[[ Exercise data open ]]

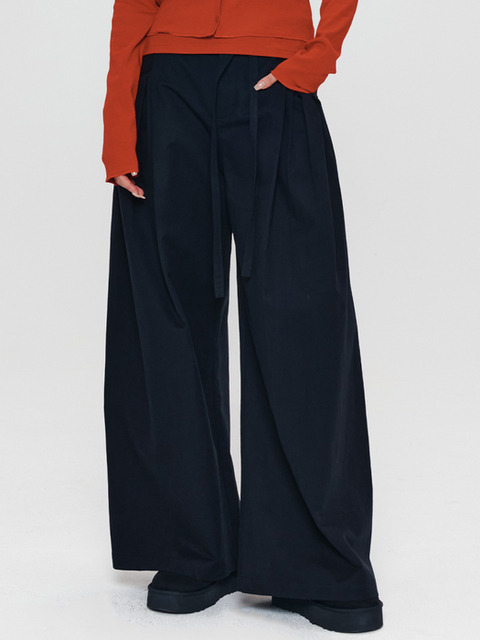 [키르시] 드로우스트링 핀턱 와이드핏 팬츠 [블랙]
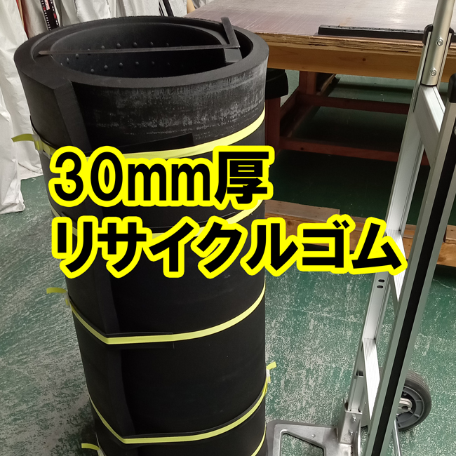 30mm厚は厚物ゴムでもご紹介しましたが、1M×2Mでお使いいただく場合にはリサイクルゴムが最も安価です。ゴムシート.com取り扱い商品でもっとも平方メートル単価が安いのがリサイクルゴムなのです。0.5M×2Mまたは1M×2Mでご注文いただけます。養生ゴムとしてオススメです。
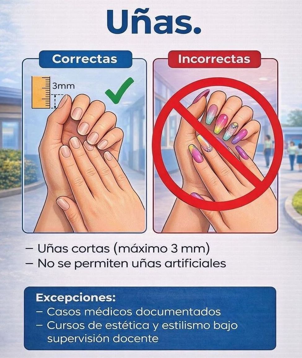 En relación con las uñas, el MEP establece que deberán mantenerse cortas, con un máximo permitido de tres milímetros, y se restringe el uso de uñas artificiales, con el fin de mantener estándares de higiene y seguridad dentro del entorno educativo.
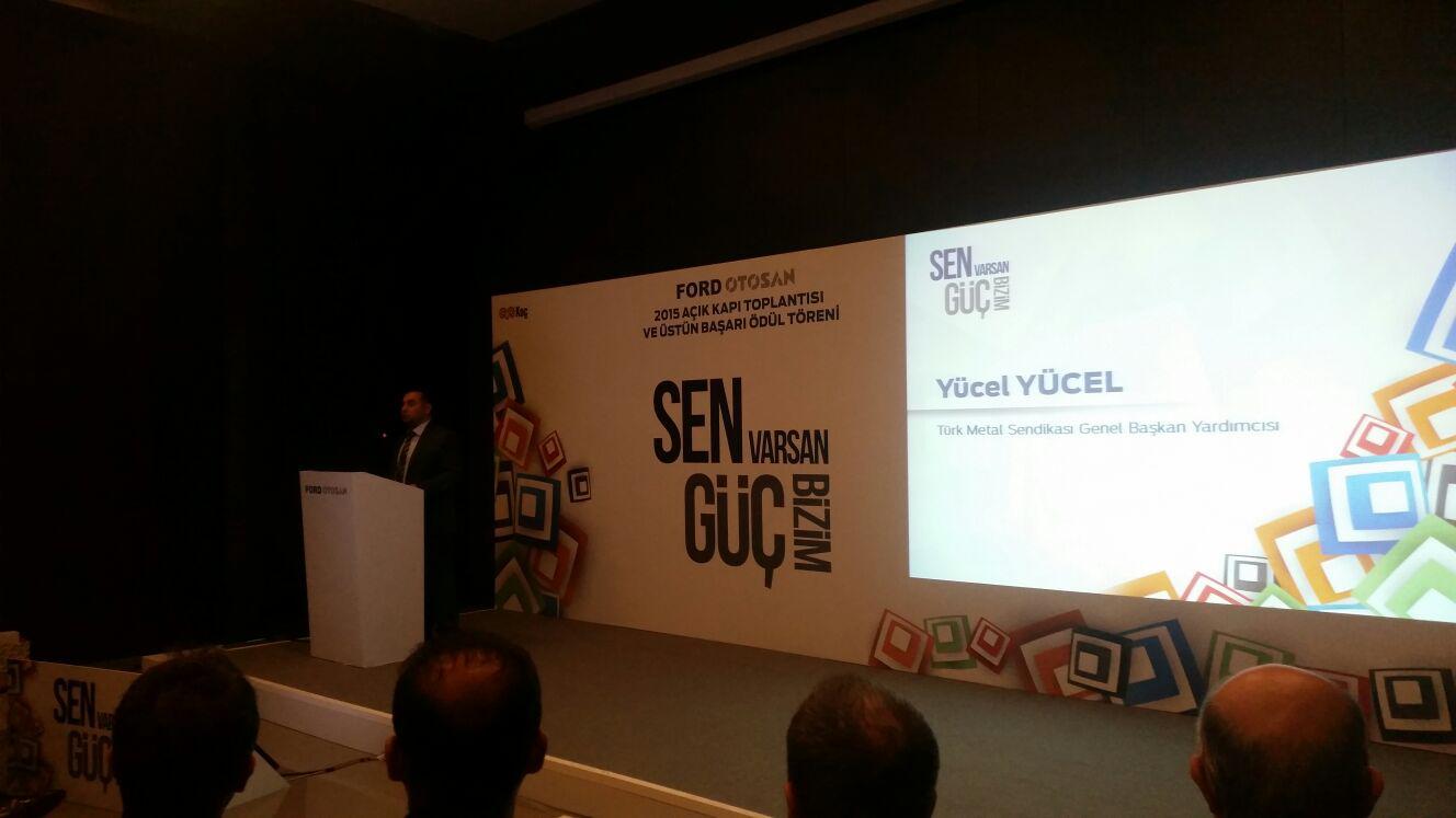 İstanbul Anadolu Yakası Şubemize bağlı Ford Yedek Parça işyeri 2015 Açık Kapı Toplantısı ve Üstün Başarı Ödül Töreni, 16 Aralık Çarşamba günü gerçekleşti. Törene, Genel Başkan Yardımcımız Yücel Yücel ile İstanbul Anadolu Yakası Şube Başkanımız Halil Erdal katıldı. Genel Başkan Yardımcımız Yücel Yücel; son dönemde tekrar artan terör olayları ve gelen şehit cenazelerine değinerek büyük üzüntü duyduğunu belirtti. “Türk Metal olarak bu konudaki hassasiyetimizi daha önce de defalarca belirttik” diyen Yücel; “maalesef sendikayız diye geçinenlerin bu konuda hiç seslerinin çıkmadığını” belirtti.
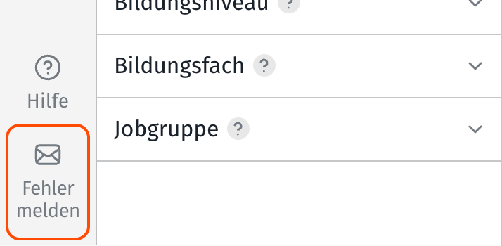 Falls Ihnen bei der Nutzung des Dashboards Fehler auffallen, finden Sie in der linken unteren Ecke der Hauptansicht einen Button, mit dem Sie uns Fehler per E-Mail melden können:
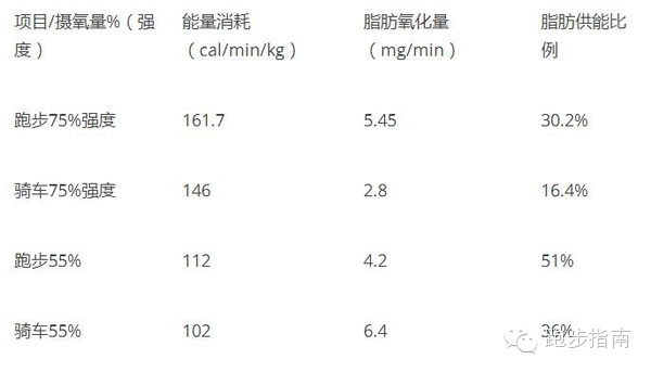 首先说跑步和骑车。研究发现①,同等强度下。跑步消耗热量,本身就比骑车高很多。另外,脂肪的消耗和脂肪的供能比例,也高很多。
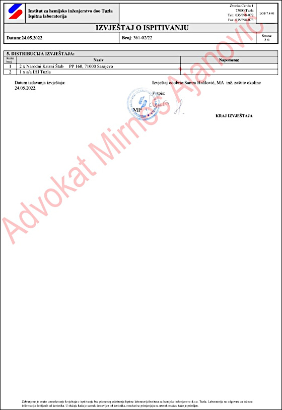 Redăm comunicatul și documentul emis de Institutului de Inginerie Chimică din Bosnia cu datele analizei:
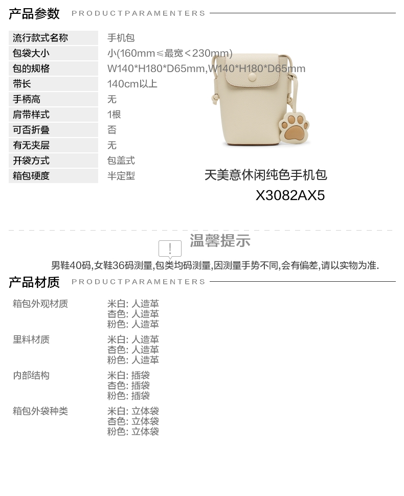 | 款式季节:春季 | 材质工艺:PU | 皮质特征:人造革 | 箱包硬度:半定型 | 箱包外观材质:人造革 |

[[ Exercise data closed ]]

__Exercise instructions__.
Take the records from their first line through the line containing "30mm厚は厚物ゴムでもご紹" and please return exactly those lines, both ends included, minus the pictures.

__Problem solution__.
 [키르시] 드로우스트링 핀턱 와이드핏 팬츠 [블랙]
 30mm厚は厚物ゴムでもご紹介しましたが、1M×2Mでお使いいただく場合にはリサイクルゴムが最も安価です。ゴムシート.com取り扱い商品でもっとも平方メートル単価が安いのがリサイクルゴムなのです。0.5M×2Mまたは1M×2Mでご注文いただけます。養生ゴムとしてオススメです。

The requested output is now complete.